IEEE Trans Image Process. 2020;29(1):2066-2077. doi: 10.1109/TIP.2019.2941644. Epub 2019 Oct 22.
Semantic image segmentation is an important yet unsolved problem. One of the major challenges is the large variability of the object scales. To tackle this scale problem, we propose a Scale-Adaptive Network (SAN) which consists of multiple branches with each one taking charge of the segmentation of the objects of a certain range of scales. Given an image, SAN first computes a dense scale map indicating the scale of each pixel which is automatically determined by the size of the enclosing object. Then the features of different branches are fused according to the scale map to generate the final segmentation map. To ensure that each branch indeed learns the features for a certain scale, we propose a scale-induced ground-truth map and enforce a scale-aware segmentation loss for the corresponding branch in addition to the final loss. Extensive experiments over the PASCAL-Person-Part, the PASCAL VOC 2012, and the Look into Person datasets demonstrate that our SAN can handle the large variability of the object scales and outperforms the state-of-the-art semantic segmentation methods.

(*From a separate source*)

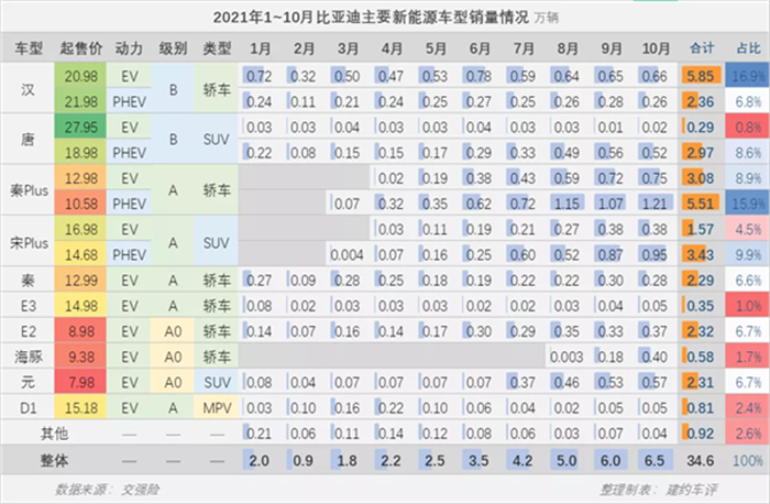 2021年比亞迪新能源銷量回顧

语义图像分割是一个重要但尚未解决的问题。其中一个主要挑战是目标尺度的巨大可变性。为了解决这个尺度问题,我们提出了一种 Scale-Adaptive Network(SAN),它由多个分支组成,每个分支负责分割一定范围尺度的目标。给定一张图像,SAN 首先计算一个密集的尺度图,指示每个像素的尺度,该尺度由包围对象的大小自动确定。然后根据尺度图融合不同分支的特征,生成最终的分割图。为了确保每个分支确实学习了特定尺度的特征,我们提出了一种尺度诱导的真实标签图,并在最终损失之外,为相应的分支施加一种尺度感知的分割损失。在 PASCAL-Person-Part、PASCAL VOC 2012 和 Look into Person 数据集上的广泛实验表明,我们的 SAN 可以处理目标尺度的巨大可变性,并且优于最新的语义分割方法。